Build a complete iOS messaging app using XMPPFramework

Read our blog posts:

YAXT??! Yet another XMPP tutorial?

Well, this is going to be another tutorial, but I’m going to try to make it a little bit different. This is an XMPP tutorial from an iOS developer’s perspective. I’ll try to answer all the questions I had when I started working in this area. This journey is going to go from no XMPP knowldege at all to having a fully functional instant messaging iOS appusing this cool protocol. We are going to be using the super awesome (yet overwhelming at the beginning…) XMPPFramework library, and the idea is also to also mix in some iOS concepts that you are going to need for your app.

What’s XMPP?

From Wikipedia: Extensible Messaging and Presence Protocol (XMPP) is a communications protocol for message-oriented middleware based on XML.

This basically means XMPP is a protocol for exchanging stuff. What kind of stuff? Messages and presences. We all know what messages are, but what about presences? A presence is just a way of sharing a “status”, that’s it. You can be ‘online’, 'offline’, 'having lunch’, or whatever you want. Also there’s another important word: Extensible meaning it can grow. It started as an instant messaging protocol and it has grown into multiple fields for example IoT (Internet of Things). And last, but not least: every piece of information we are going to exchange under this protocol is going to be XML. I can heard you complaining but… Come on, it’s not that bad!

Why do we need XMPP? Why not just REST?

Well what other options do we have? On the one hand, a custom solution means building everything from scratch, that takes time. On the other hand, we have XMPP, a super tested technology broadly used by millions of people every day, so we can say that’s an advantage over a custom approach.

Every time I talk about XMPP, someone asks me 'Why not just REST?’. Well, there is a misconception here. REST is not a protocol, it’s just a way of architecting a networked application; it’s just a standardized way of doing something (that I love btw). So let’s change the question to something that makes more sense: “Why not just build a custom REST chat application?”. The first thing that comes to my mind is what I already explained in the previous paragraph, but there is something else. How do I know when someone has sent me a message? For XMPP this is trivial: we have an open connection all the time so, as soon as a message arrives to the server, it will send us the message. We have a full-duplex. On the other hand, the only solution with REST is polling. We will need to ask the server for new messages from time to time to see if there is something new for us. That sucks. So, we will have to add a mechanism that allows us to receive the messages as soon as they are created, like SSE or WebSockets.

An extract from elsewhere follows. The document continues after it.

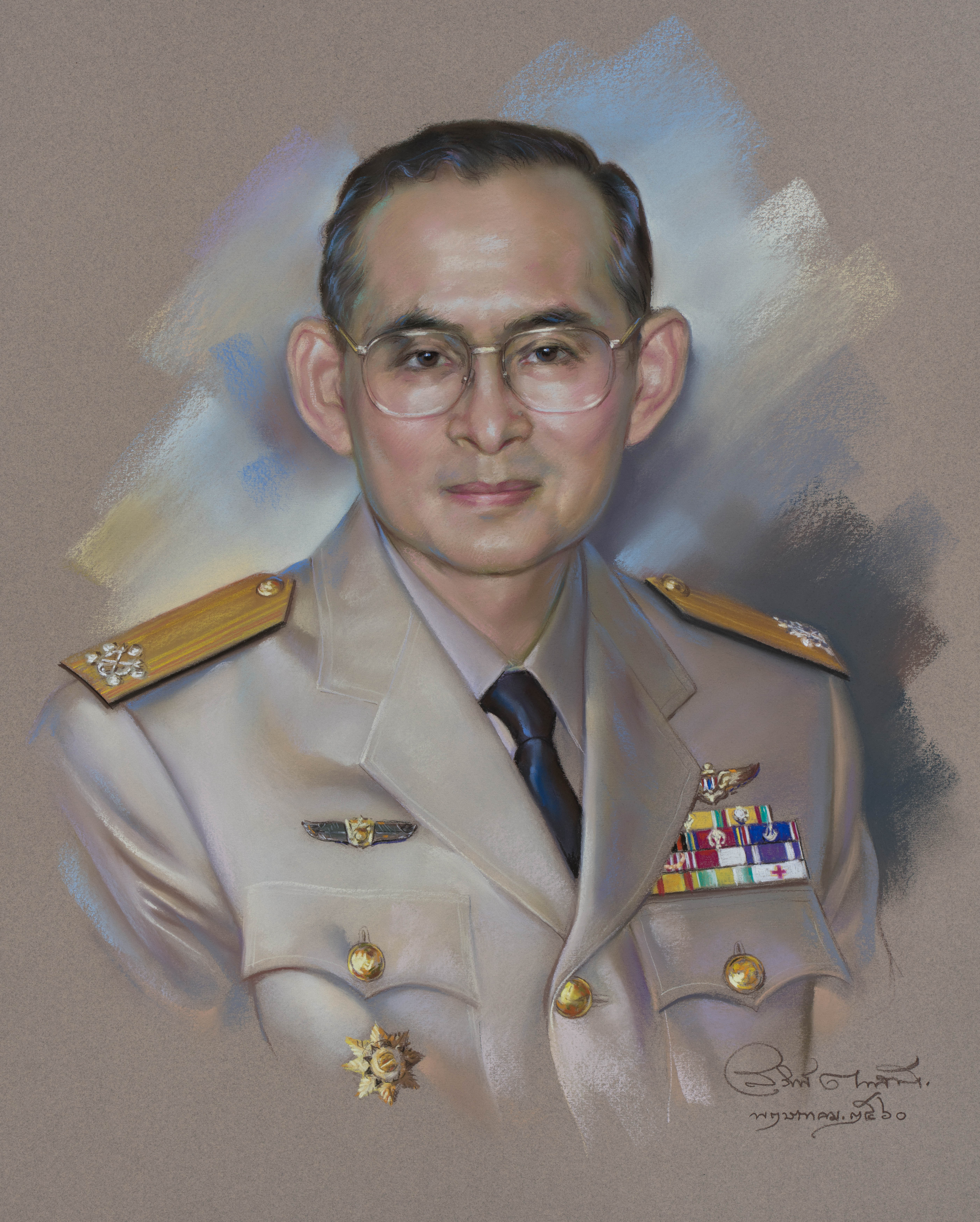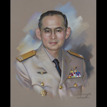 | คำอธิบาย : พระบรมฉายาสาทิสลักษณ์ พระบาทสมเด็จพระปรมินทรมหาภูมิพลอดุลยเดช ด้วยเทคนิค ภาพสีชอล์ก |

There is one more XMPP advantage over a custom REST chat application. REST uses HTTP, an application level protocol that is built on top of a transport level protocol: TCP. So every time you want to use your REST solution, you will need HTTP, a protocol that is not always available everywhere (maybe you need to embed this in a cheap piece of hardware?). Besides, we have XMPP built on top of TCP that’s going to be always available.

What’s the basic stuff I need to know to get started?

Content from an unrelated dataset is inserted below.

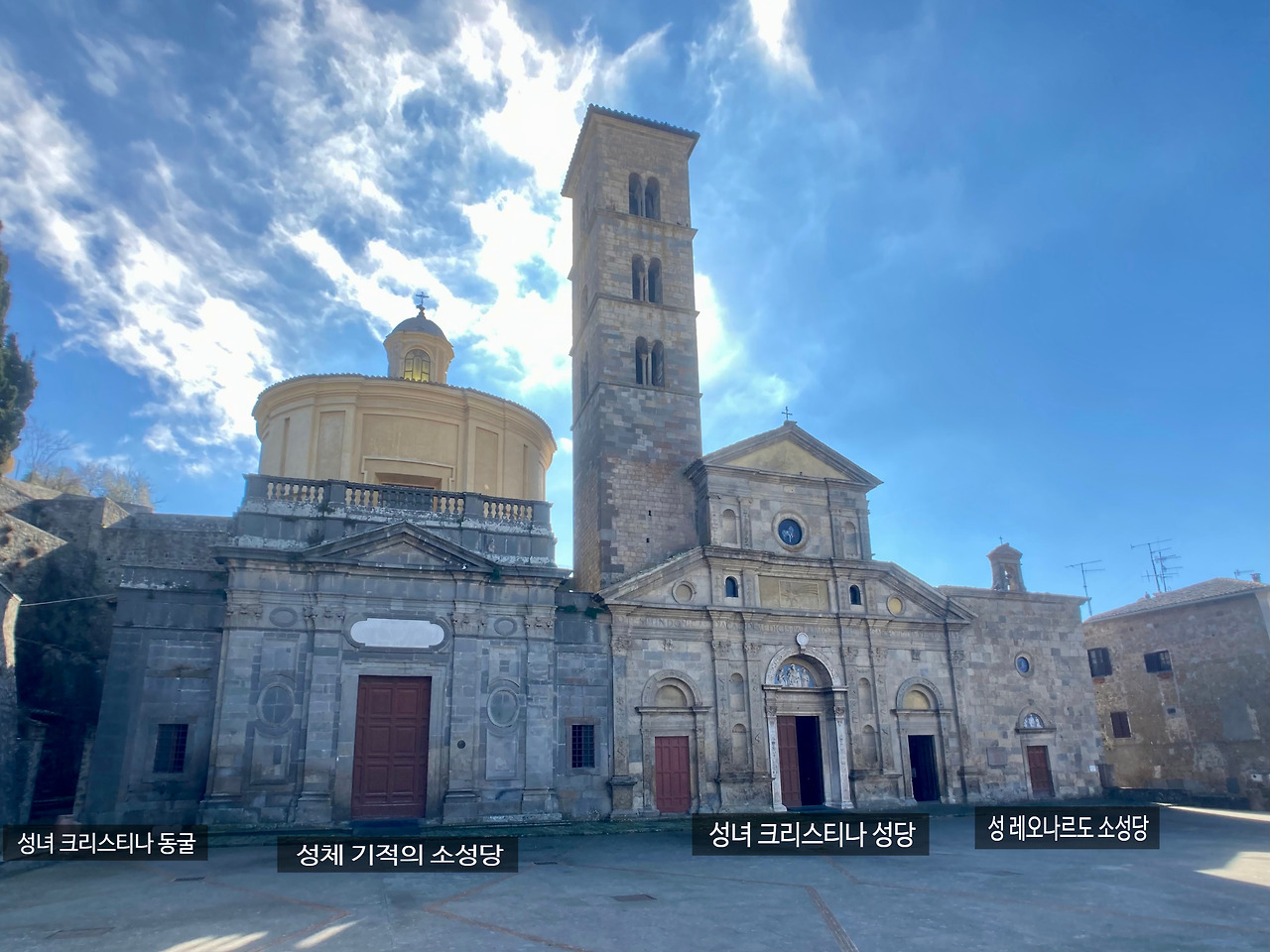 성문을 지나 프란치제나 길을 따라 걷다 보면 볼세나 중심 도시에서 조금 벗어난 곳에 있는 성녀 크리스티나 대성당을 볼 수 있습니다. 광장에서 바라본 성당 정면은 마치 세 개의 성당이 함께 있는 것처럼 보이지만, 이중에 중심이 되는 것은 종탑과 함께 있는 성녀 크리스티나 성당이고 나머지는 이곳에 붙여서 만든 소성당입니다. 하지만 눈으로 확인이 잘 되지는 않지만 이 장소에서 가장 오래되고 중요한 네 번째 성당이 왼편에 하나 더 있습니다.

Well, you know a lot already but let’s make a list. Lists are always good:

XMPP is built on top of TCP. It keeps an open connection all the time.
Client/Server architecture. Messages always go through a server.
Everything we send and receive is going to be XML and it’s called Stanza.
We have three different types of stanzas: iq, message and presence.
Every individual on the XMPP network is univocally identified by a JID (Jabber ID).
All the stanzas are contained in a Stream. Let’s imagine the Stream as a white canvas where you and the server write the stanzas.
Stream, iq, message and presence are the core of XMPP. You can find everything perfectly detailed in RFC6120 XMPP can be extended to accomplish different stuff. Each extension is called XEP (XMPP Extension Protocol).

What’s a JID?

Jabber ID (JID) is how we univocally identify each individual in XMPP. It is the address to where we are going to send our stanzas.

This is how a JID looks like:

This is how a JID looks like

localpart: This is your username.
domainpart: Server name where the localpart resides.
resourcepart: This is optional, and it identifies a particular client for the user. For example: I can be logged in with andres@erlang-solutions.com on my iPhone, on my Android and on my mac at the same time… So all these will be the same localpart + domainpart but different resourcepart

I’m sure you have already noticed how similar the JID looks to a standard email address. This is because you can connect multiple servers together and the messages are rooted to the right user in the right server, just as email works. Pretty cool, right?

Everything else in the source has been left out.